А деда-мертвец словно дирижирует всем этим – по воздуху рукой плавно проводит…
Кое-как кто куды порасталкались, распутались старухи…
Тетка Аграфена с перепугу выхватила из сеней полено, и ну покойничка поленищем по руке хлестать, пока не выломила по локоток дедову руку, мертвяги… только тут ее и оттащили, спохватившись…
О-о-ой, и что это было!
Ну никак не распотрошить языком-растопырей… Ну-у… О-ой.
– Не верите?! Так, вот, поверите!
Поутру все выяснили на заднице Евдокимова внука. Уж и высекли же Петеньку, хоть и покойник возле лежал… очень просто…
Оказалось-то вот че.
Гроб с дедой как раз у окна стоял. Петенька смастерил щелочку, протянул черную нитку (при лампадочном освещении и не приметно)… Заранее привязал нитку к дедовой руке одним концом, а другой – вытянул во двор… Вот когда стемнело вовсе, он и начал подергивать ниточку – ну рука и заходила… ожила мертвь.
Хотя Петок и уверял, что это дедова затея, что, де, дед перед смертью ему эту штуку завещал выполнить, да так никто мальчугану и не поверил: уж, больно сурьезным был покойник, лежа в гробу, и точно упрек даже выступил на его губах после поломанной руки…
Почем знать… а может быть, Петька был и прав…
Уж такой шутник был этот деда Евдоким – ну всем шутникам шутник, и тому шутник.
Почтовая марка*
Егучи-сан – стройная прекрасница!
Ее диво-пышные волосы, всегда причудливо-грандиозно причесанные, отличали ее от подруг.
Необычаен был для японки ее тонкий нос с еле заметной горбинкой.
Когда Егучи-сан смеялась, или раскрывала свой маленький ротик, чтобы говорить, – на прекрасных, белоснежных зубах ее, казалось, играли, дробились солнечные блики.
Наряжалась Егучи в изящные цветные кимоно, разрисованные ее любимыми цветами: стройными, легчайшими ирисами; пышными, мохнатыми хризантемами, или нежными цветущими ветками Сакуры. В просторных складках широких подрукавников ее всегда лежали: душистый шелковый платок, узорчато-резной складной веер и легкие краски для губ и щек.
Отец Егучи любил и баловал свою единственную дочь. Дарил ей европейские – такие странные для Егучи – наряды; приносил редкие картины, книги, дорогие безделушки.
Однажды он возвращался с дочкой с концерта, который давали в английском клубе проезжающие в Америку гастролеры.
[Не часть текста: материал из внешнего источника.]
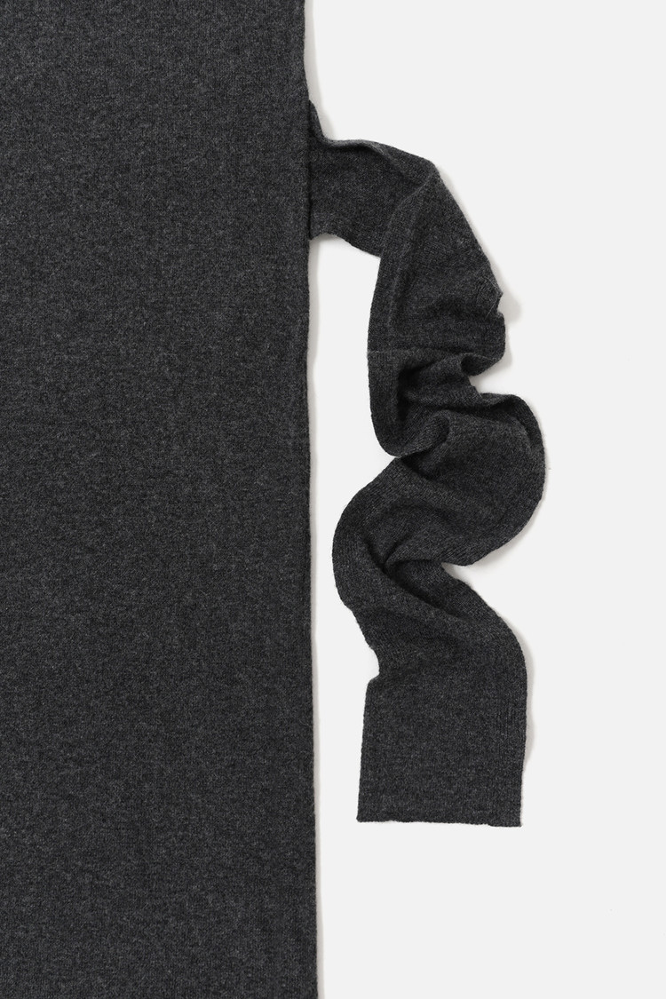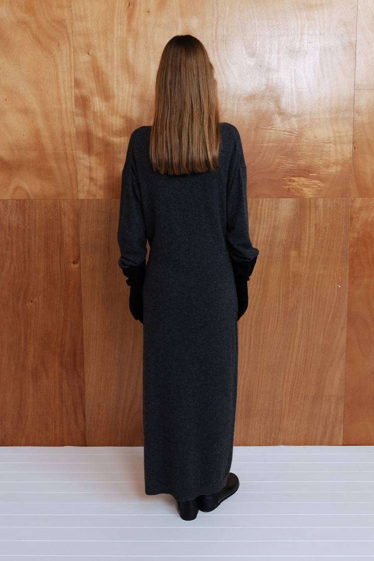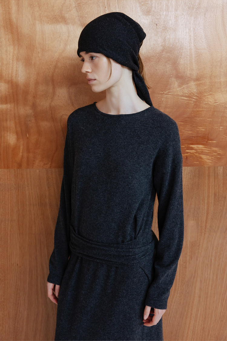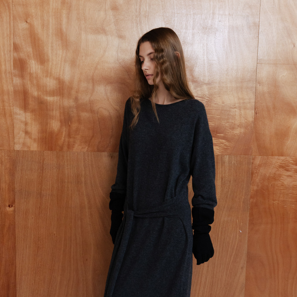 CASHMERE BLEND TIE KNIT DRESS - CHARCOAL

Егучи-сан более всего поразила игра на рояле. И ей показались такими игрушечными и несерьезными ее кото и шамисен – инструменты, на которых она училась играть с детства далечайшего.
О своем разочаровании в родных инструментах девушка рассказала с болью отцу…
Вскоре, в день, когда Егучи-сан исполнилось восемнадцать лет, в их бумажный изящный домик на горе, много людей внесли громоздкий черный рояль и поставили его на хрупкие желтые циновки – в комнату девушки.
В это время Егучи-сан не было дома – она уходила покупать «Сакано-пан» – корм для рыб.
Их было много – золотых и черных рыб, и они всегда резвились под ее окном в широком искусственном пруду.
С покупкой в руках вошла девушка в сад, нежно-приветливо оглядела разнообразные яркие цветы, апельсиновые деревья и карликовые сосенки, которые судорожно и цепко лепились на причудливых каменьях-островках пруда.
Девушка раскрошила длинные куски сакано-пан и стала шаловливо бросать маленькие кусочки рыбам.